This application is a national phase filing under 35 U.S.C. 371 of International Application No. PCT/US2020/028065, filed Apr. 14, 2020, which claims priority to U.S. Provisional Patent Application No. 62/835,243, filed Apr. 17, 2019, the entire contents of which are hereby incorporated by reference.

FIELD OF THE INVENTION

The present invention relates to power tools, and more particularly to powered fastener drivers adapted to drive fasteners into a workpiece.

BACKGROUND OF THE INVENTION

There are various fastener drivers known in the art for driving fasteners (e.g., nails, tacks, staples, etc.) into a workpiece. These fastener drivers operate utilizing various means known in the art (e.g. compressed air generated by an air compressor, electrical energy, a flywheel mechanism, etc.), but often these designs are met with power, size, and cost constraints.

SUMMARY OF THE INVENTION

The present invention provides, in one aspect, a gas spring-powered fastener driver. The fastener driver includes a first chamber, and a movable piston positioned within the first chamber. The fastener driver also includes a driver blade attached to the piston and movable therewith between a ready position and a driven position. The fastener driver further includes a second chamber containing pressurized gas. The second chamber is in fluid communication with the first chamber via a flow passage. The fastener driver also includes a throttle mechanism configured to throttle flow of the pressurized gas through the flow passage.

The present invention provides, in another aspect, a gas spring-powered fastener driver. The fastener driver includes a first cylinder defining a first chamber, and a movable piston positioned within the first chamber. The fastener driver also includes a driver blade attached to the piston and movable therewith between a ready position and a driven position. The fastener driver further includes a second cylinder surrounding the first cylinder, and a second chamber defined between the first cylinder and the second cylinder and containing pressurized gas.
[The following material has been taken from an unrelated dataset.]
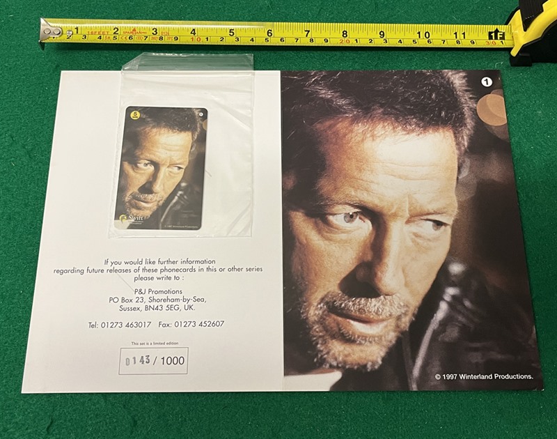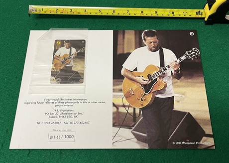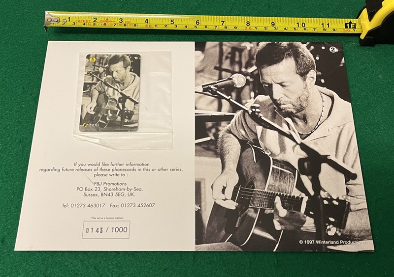 Set of five different Eric Clapton Limited Edition (all #143 of 1000) Phone Cards with original double-sided presentation folders, dating from 1997.

The second chamber is in fluid communication with the first chamber via a flow passage. The fastener driver also includes a throttle mechanism configured to throttle flow of pressurized gas through the flow passage. The throttle mechanism includes a baffle configured to selectively adjust an area of the flow passage.

Other features and aspects of the invention will become apparent by consideration of the following detailed description and accompanying drawings.

BRIEF DESCRIPTION OF THE DRAWINGS

FIG. 1 is a perspective view of a gas spring-powered fastener driver in accordance with an embodiment of the invention.

FIG. 2 is a partial cut-away view of the fastener driver of FIG. 1.

FIG. 3 is a cross-sectional view of the fastener driver of FIG. 1 taken along line 3-3 of FIG. 2, illustrating a driver blade in a ready position.

FIG. 4 is a cross-sectional view of the fastener driver of FIG. 1 taken along line 3-3 of FIG. 2, illustrating the driver blade in a driven position.

FIG. 5 is a partial cut-away view of the fastener driver of FIG. 1.

FIG. 6 is a cross-sectional view of the fastener driver of FIG. 1 taken along line 6-6 of FIG. 1, illustrating a motor, a transmission, and a fan assembly.

FIG. 7 is a perspective view of a throttle mechanism of the fastener driver of FIG. 1.

FIG. 8 is another perspective view of the throttle mechanism of FIG. 7 with portions removed.

FIG. 9A is a partial perspective view of the throttle mechanism of FIG. 7 adjusted to a no-choke position.

FIG. 9B is a partial perspective view of the throttle mechanism of FIG. 7 adjusted to a partial-choke position.

FIG. 9C is a partial perspective view of the throttle mechanism of FIG. 7 adjusted to a choked position.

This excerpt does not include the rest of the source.